The strengths of the Early Settler Life series are its scope and its authenticity. An abundance of visual aids make it useful at various grade and reading levels.
Peter Adams remarks that, "Our world is a plastic one," while developing the point that the early settler world was dependent on wood. The text moves from the first stages of clearing the land, through the organization of towns around sawmills and the more sophisticated uses of sawn lumber, to the world of the logging camp. No specific locations are used, so the text has application for both the Canadian and the American experiences. The exception is that a western logging camp is contrasted with an eastern one.

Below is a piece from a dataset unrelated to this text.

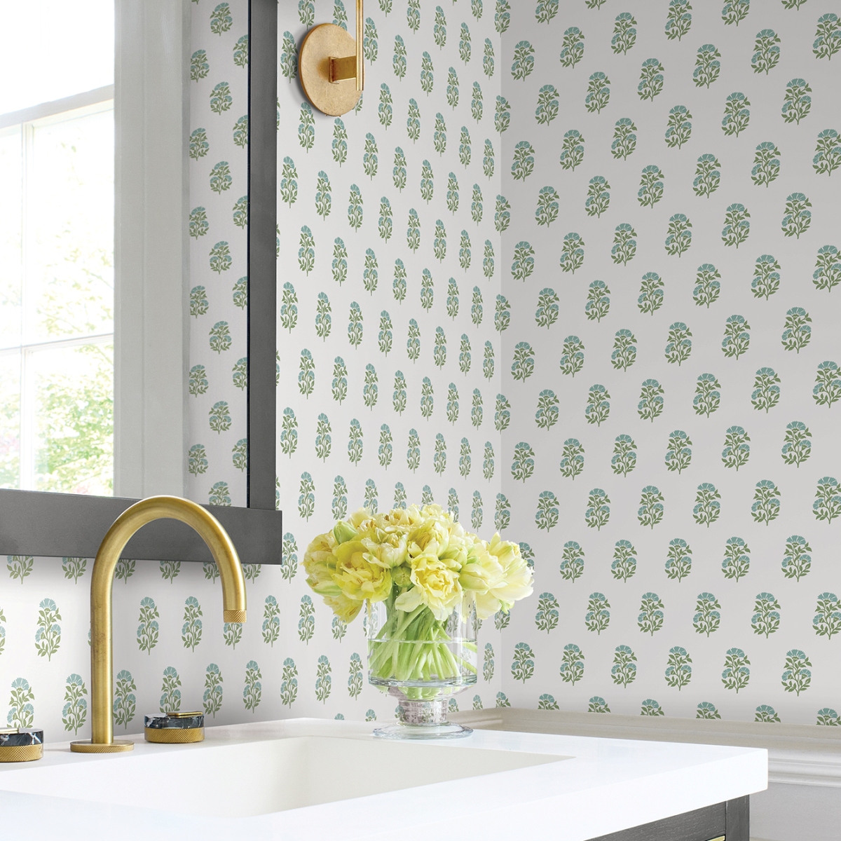 В дизайне Sylvie нежные распускающиеся цветы расположены в заданном ритме на светлом фоне.
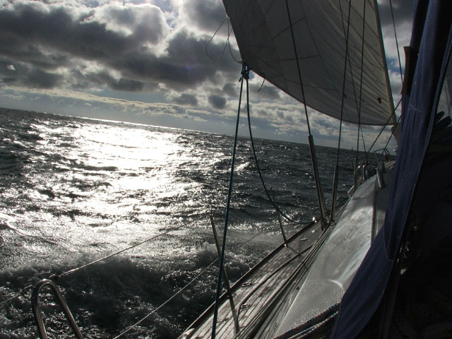 m'explique que nous nous situons sur " le rail " c'est-à-dire sur le passage de nombreux cargos, donc la vigilance s'impose. La nuit s'illumine des feux des bateaux il est vrai qu'il y en beaucoup, ma seule crainte serait de devoir changer de cap, je n'ai pas du tout envie d'enlever le pilote et de prendre la barre en pleine nuit pour faire une manuvre d'évitement, mais bon cela ne se produira pas. C'est assez impressionnant car la nuit l'évaluation des distances est complètement faussée. Guy a pris la relève et ensuite Xavier, cette nuit là le vent était compris entre 20 et 25 nuds, l'idéal, avec une vitesse moyenne d'avancement de 6 nuds.

The, role of the family in settling the land, operating the sawmill, and at the lumber mill is clarified with respect to the important support roles that women and children played.
The contents, glossary, and index are all on one page each and are well devised. The text is clearly organized with bold, large type, red headings, and well defined paragraphs. There are numerous photographs and captions with captions that draw the reader into a closer examination of the picture.
Curious readers will speculate on the age and perhaps the places shown in the photographs. Advanced readers may feel restricted by the controlled sentence structure and the repetitious wording. Average and low ability students will find this text rich in terminology and a satisfying learning experience because of the well-organized approach to the subject.
Murray M. Heslop, Greenbriar S. P. S., Bramalea, ON.